- Title card
- Date: November 30, 2024
- Venue: Inspire Arena
- Country: South Korea
- Most wins: Aespa (7)
- Most nominations: Aespa; IU; TWS (7 each);
- Website: melon.com/mma/info.htm

Television/radio coverage
- Network: Melon; U-Next; 1theK;

= 2024 Melon Music Awards =

2024 South Korean music award ceremony

The 2024 Melon Music Awards, part of the Melon Music Awards series, was an awards ceremony held on November 30, 2024. It was organized by Melon, and Kakao Entertainment and broadcast through Melon, 1theK for global audience, and Unext in Japan.
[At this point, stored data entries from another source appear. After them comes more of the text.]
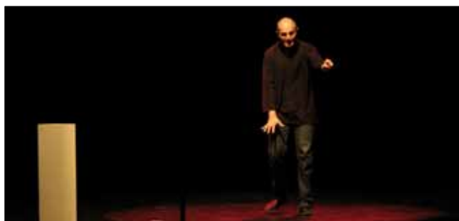
23 novembre « même pas peur » par Ludovic Souliman. Spectacle de contes au Palace organisé par le service lecture publique.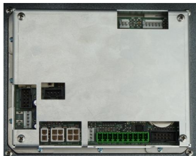
Abbildung 1: Rückseite eines eigerPanels57 mit Aussparungen im Gehäuse für diverse Steckanschlüsse. CN7 ist der grüne Stecker.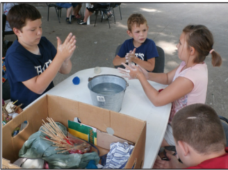
Szivárvány tábor 7. oldal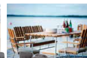
Tidlösa möbler från Grythyttan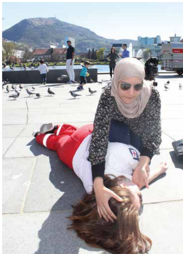
RINGLØYPE: En forbi-passerende får opplæring i livreddende førstehjelp, da Bergen Røde Kors markerte Røde Kors-dagen på Festplassen i Bergen.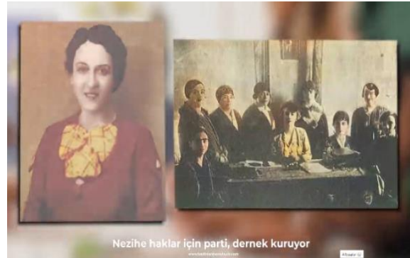
Şekil 10. Nezihe Muhiddin ve Kadınlar Birliği Üyeleri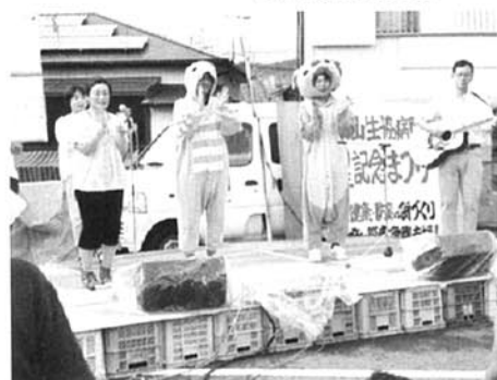
生協こども診療所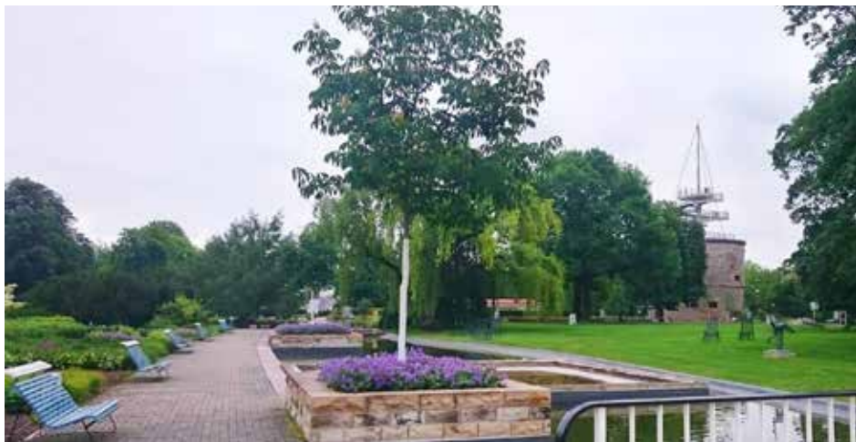
Die Ansicht der Wasserachse im Erfurter egapark mit rekonstruiertem Wasserbecken, aber veränderter Pflanzung.

Text: Enno Meier-Schomburg, Landschaftsarchitekt, Mitglied des BDLA / Landesverband M-V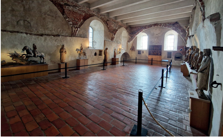
Kuva 1. Turun linnan Sturenkirkko.

on tullut sekä ostojen että lahjoitusten kautta, ja niiden tunnukset paljastavat jonkin verran tietoja veistosten mahdollisista tuloajankohdista.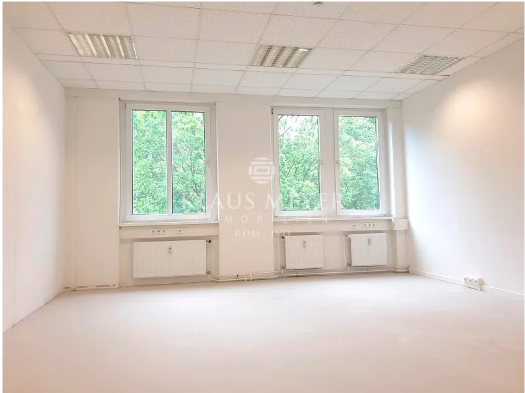
Blick ins Grüne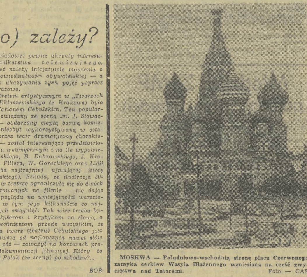
MOSKWA — Południowo-wschodnią stronę placu Czerwonego zamyka cerkiew Wasyla Blaźennego wniesiona na cześć zwycięstwa nad Tatarami.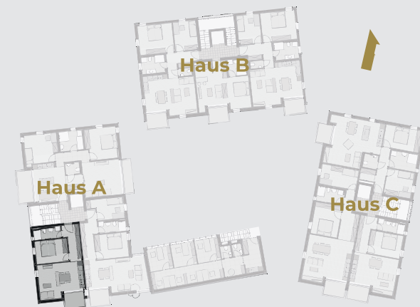
Erstes Obergeschoss - Etagenansicht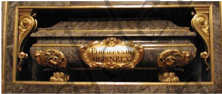
Tombe van Filips III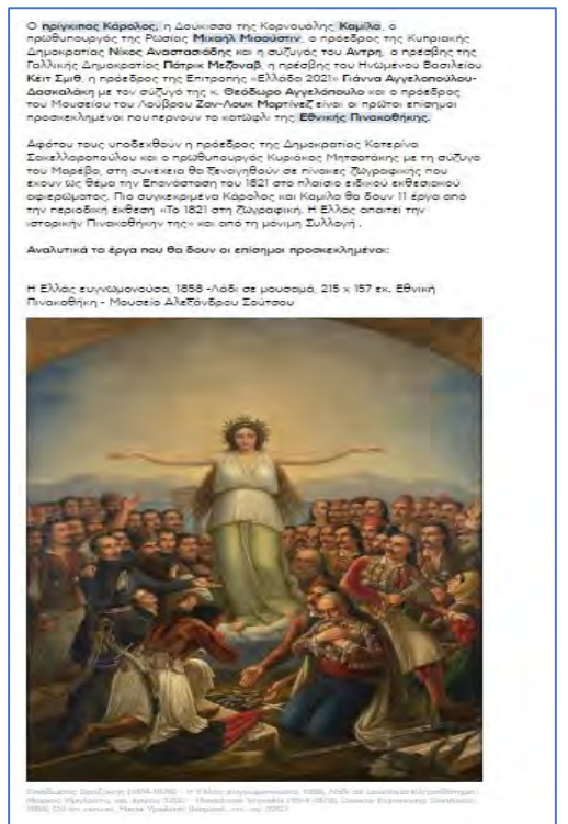
Εικόνα 2: Στιγμιότυπο από το άρθρο της εφημερίδας "Πρώτο Θέμα"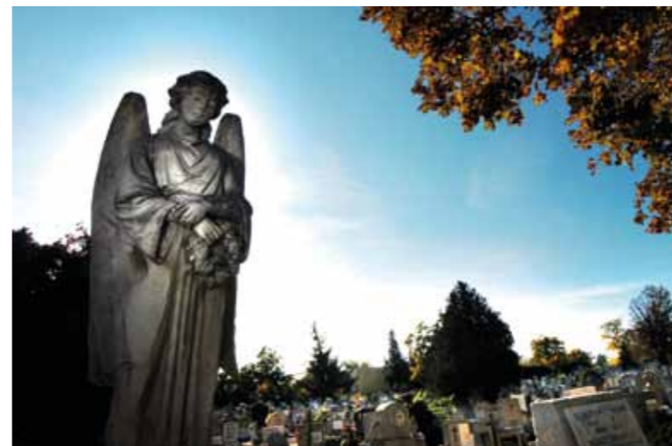
Hivatalosan a katolikus egyház vezette be az elhunytakról való megemlékezést

A különféle egyházak közül a katolikushoz hasonlóan az evangélikusok is tartják a halottak napját, a görögkatolikusok és a görögkeletiek többet is egy évben. Bár a reformátusok hivatalosan nem ünneplik, de gyakorta előfordul, hogy a református hívek is kilátogatnak ilyenkor a temetőkbe.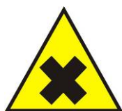
Sostanze nocive / irritanti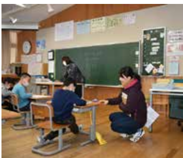
東京学芸大学との連携

○幼児教育から成人教育までの町ならではの一貫した教育モデルを構築するため、東京学芸大学と地域連携し、教育の充実および発展を推進します。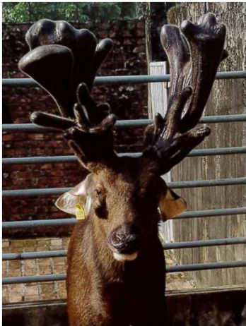
台南市 野山養鹿場 335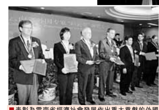
■表彰為雲南省經濟社會發展作出重大貢獻的外國專家

2006年是雲南省人事人才工作改革攻堅的一年。在雲南省委、省政府的領導下，雲南省人事廳認真貫徹科學發展觀，大力實施人才強省戰略，圍繞構建和諧人事，統籌兼顧，各項工作異彩紛呈，引人注目。由於成績顯著，多項工作得到雲南省委、省政府和國家人事部的表彰和肯定。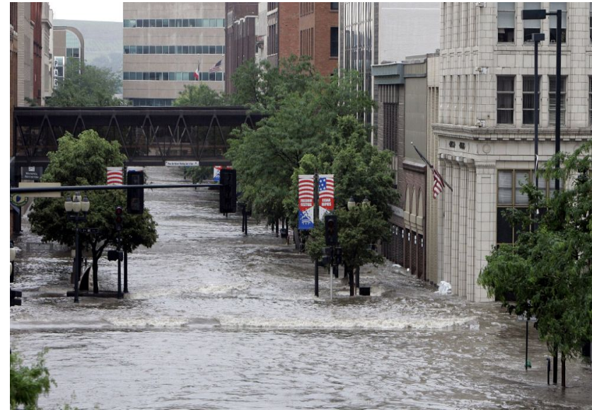
Фото пострадавшего от наводнения города Сидар-Рapid штата Айова, США. Июнь 2008г.

Aespa, IU, and TWS are the most nominated artists at the ceremony, with seven nominations each. Three of them and (G)I-dle are nominated in all the main Daesang categories: Album of the Year, Artist of the Year, and Song of the Year. Aespa won seven awards, with three Daesangs for Song of the Year, Artist of the Year and Album of the Year, set record for a girl group with most winning in a single ceremony, while Record of the Year went to (G)I-dle.

==Criteria==
All songs and albums that are eligible to be nominated must be released from November 2, 2023, to October 30, 2024.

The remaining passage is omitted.